A comparison of the pairwise and one-pot methods showed a near perfect 1:1 agreement (Supplementary Fig. 6). To compare the two approaches, pairwise mating efficiency was normalized so that the mating efficiency of all tested pairs summed to one hundred, giving a relative mating percent. A paired two-sided T-test of relative mating percent and batched mating percent gave a p-value of 0.80, indicating no statistically significant difference between the two methods.
Large PPI library characterization
For large library chromosomal integrations, a “landing pad” approach24 was used to achieve over 10,000 integrants in a single transformation and allowed for multi-fragment homologous recombination integrations (Fig 4a). At the SAP cassette integration locus, both ySYNAGa and ySYNAGα were transformed with an expression cassette consisting of a GAL promoter, SceI endonuclease, and Cyc1 terminator flanked by SceI cut sites. GAL induction prior to transformation with a SAP library resulted in DNA nicking at the site of integration, which dramatically improved integration efficiency25. NGS of genomic DNA extracted from yeast libraries was used to pair each SAP variant to its distinct barcode and to count relative barcode frequencies in the naïve library.

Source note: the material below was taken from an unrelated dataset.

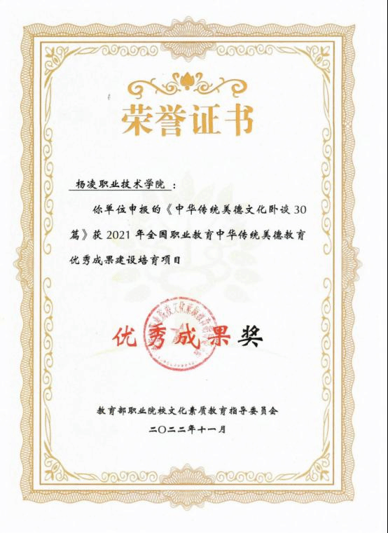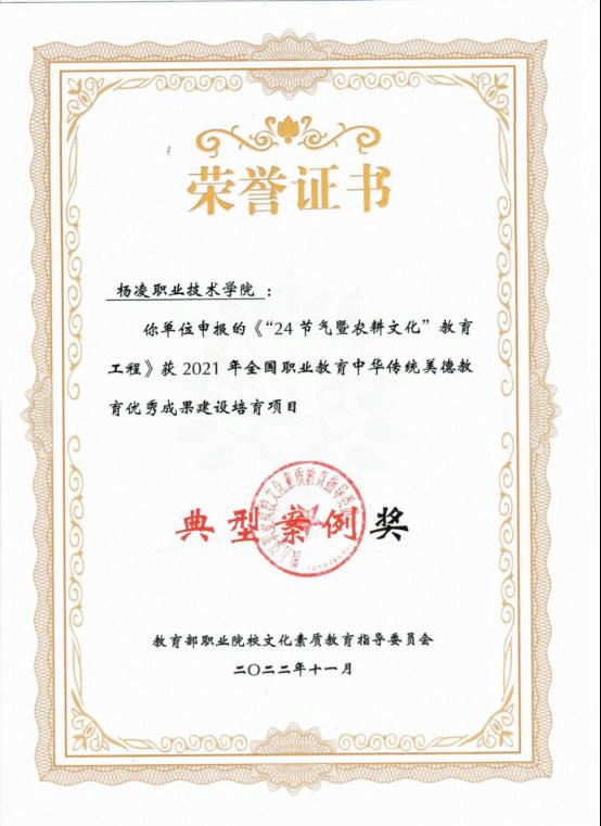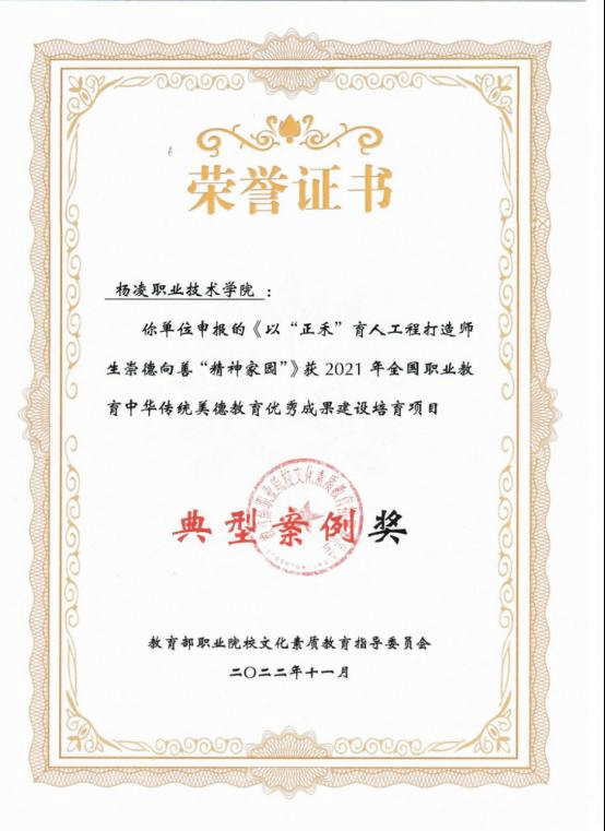 423日,教育部职业院校文化素质教育指导委员会颁发了全国职业教育中华传统美德教育优秀成果建设培育项目典型案例奖优秀案例奖和优秀成果奖证书。其中,《以“正禾育人工程打造师生崇德向善“精神家园”》“24节气暨农耕文化”教育工程》荣获典型案例奖,《“中华优秀美德文化”教育工程》荣获优秀案例奖《中华传统美德文化卧谈30篇》荣获优秀成果奖。

A single-pot batched mating was used to characterize 7,000 distinct PPIs. A partial site-saturation mutagenesis (SSM) library of XCDP0714 consisting of 1,400 distinct variants was mated with five BCL2 pro-survival homologues, including the intended binding partner of XCDP07, Bcl-xL. For each variant, interaction strength (the number of times a particular variant was observed to have mated with Bcl-xL divided by the number of times that variant was observed in the naïve library) and specificity (the percent of observed matings with Bcl-xL minus the percent of observed matings with the next highest BCL2 homologue) was determined. As a proof of principal, interactions involving variants with premature stop codons were analyzed (Fig. 4b). Only 8 of 55 premature stop codons included in the library resulted in even a single mating and only 6 resulted in more than 2 matings. These six variants contained stop codons at residue 93 or later, which is beyond the central binding helix. Two variants, with stop codons at residues 113 and 114, showed improved interaction strength and specificity. These early stops likely minimally affected binding or stability of the 116-residue full-length protein and served to remove the C-terminal myc tag fusion, which may have negatively impacted binding.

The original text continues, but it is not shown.